Because if they aren’t going to let you have long hair, do you honestly think they are going to let you wear whatever kind of pants you feel like? Huh? You don’t know? I do and the answer is NO.
(Today Miles is sporting his swim goggles, life vest, and suitcase filled with stuffed animals. He is ready for anything. Luckily this balances out the teenage angst in the house.)
Now we are home and he is glaring at me, in the way that only teenagers are capable. Clearly it is all my fault that the pants do not fit him in the way that he imagines they should fit. Which, for the record, it would seem he imagines CLOWN PANTS. I told him that Manny Ramirez probably has his pants custom made, and no, we will not be doing that.
Poor child, he is so deprived.
Or else retarded from all those years of riding his bike without a helmet through a mine field of cobras, broken glass, hypodermic needles and used condoms.
Last night Miles asked his 10 yr old brother to teach him how to ride a bike.
Miles climbed on the seat with instructions to “just keep pedalling.”
His brother ran behind him and pushed the bike as fast as he could…
And then he JUST. LET. GO. Much like people who teach kids to swim by tossing them into the pool, it was either ride the bike or crash.
I held my breath.
And watched him ride down the street, coming toward me.

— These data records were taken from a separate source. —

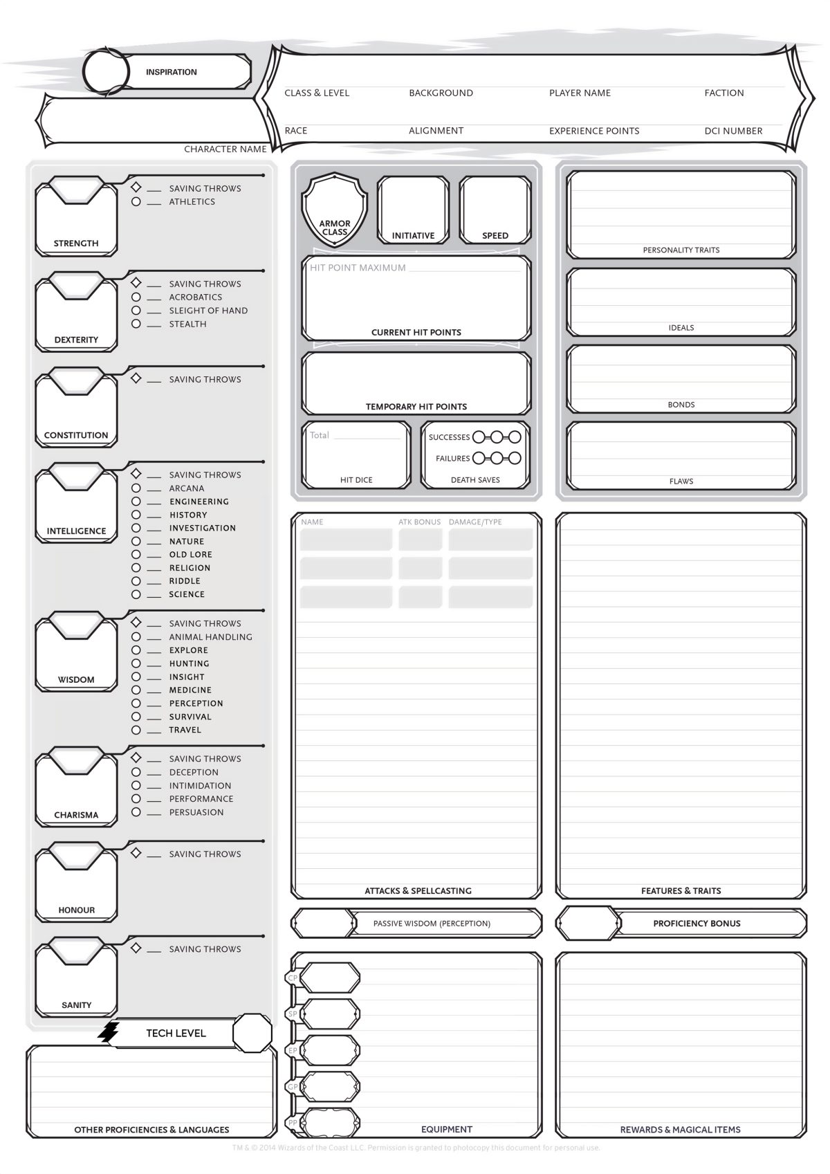 Categories Featured Role-Playing Games Gray’s Custom D&D 5e Character Sheet Post author By Gray Post date January 24, 2015 Reading Time: < 1 minuteContinue reading “Gray’s Custom D&D 5e Character Sheet” Tags Dungeons & Dragons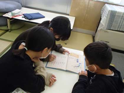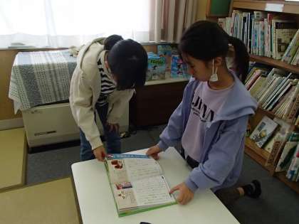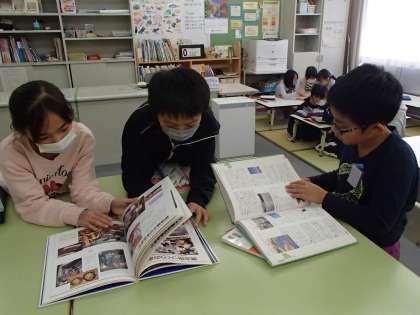 国語科では、これから詳しく調べていきたい伝統工芸について、図書室の本を使って考えました。写真や文章から、興味のあるものを決め、百科事典で調べました。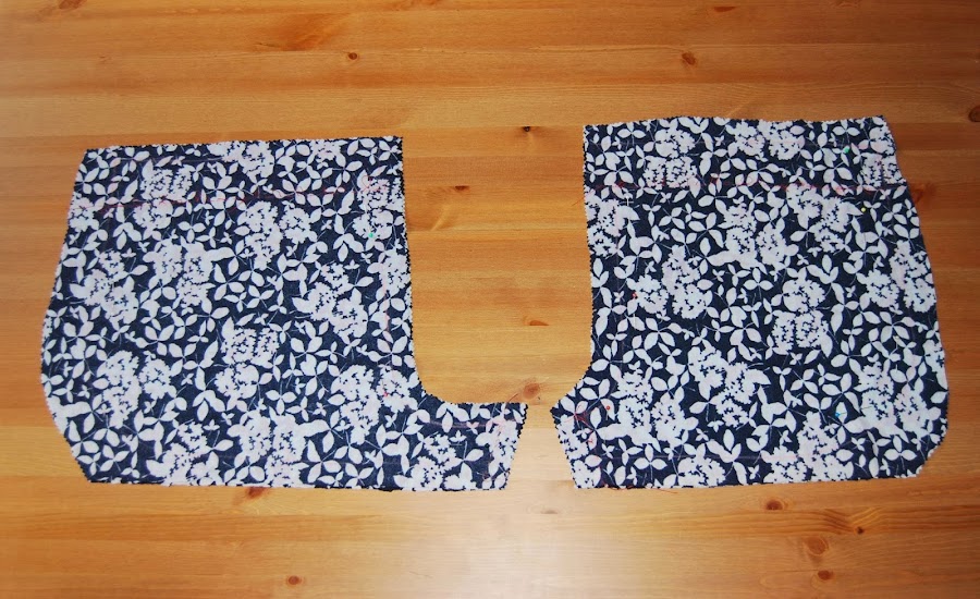 Ahora unimos la parte delantera con la posterior y cosemos tanto las costuras laterales como las de la entrepierna por donde va marcado.

Getting closer and closer.
“Did you teach him how to stop?” I yelled.
“No, I kind of thought he would fall before he would need to know how to stop!”
He rode the (princess) bike up and down the street in front of our house as it got darker and darker outside. Everyone* in our family came outside to see him ride and cheer him on. Eventually the street lights came on we went into the house.
On the way up the front steps Miles grabbed his brother’s arm, “Thanks for teaching me to ride a bike!”
“You’re welcome.”
The sweetness** was too much for me to bear and I was forced to eat them.
*******
* Okay, not everyone. My daughter was incredibly angry and vocal with her anger that her younger brother dared to learn to ride a bike at 4 years old when she was not able to do so until she was almost six.
Since her cries of “Push him down and make him stop,” were not heeded by us she did the next best thing which was to stand on the edge where the driveway meets the street and scream on the top of her lungs like she was being dragged behind the bike instead of merely watching it drive by her.
** This morning when Rob left for work he discovered that someone had scratched the entire side of his car, probably with the handle of one of their bikes or scooters when they rode too close to the car. That was not so sweet.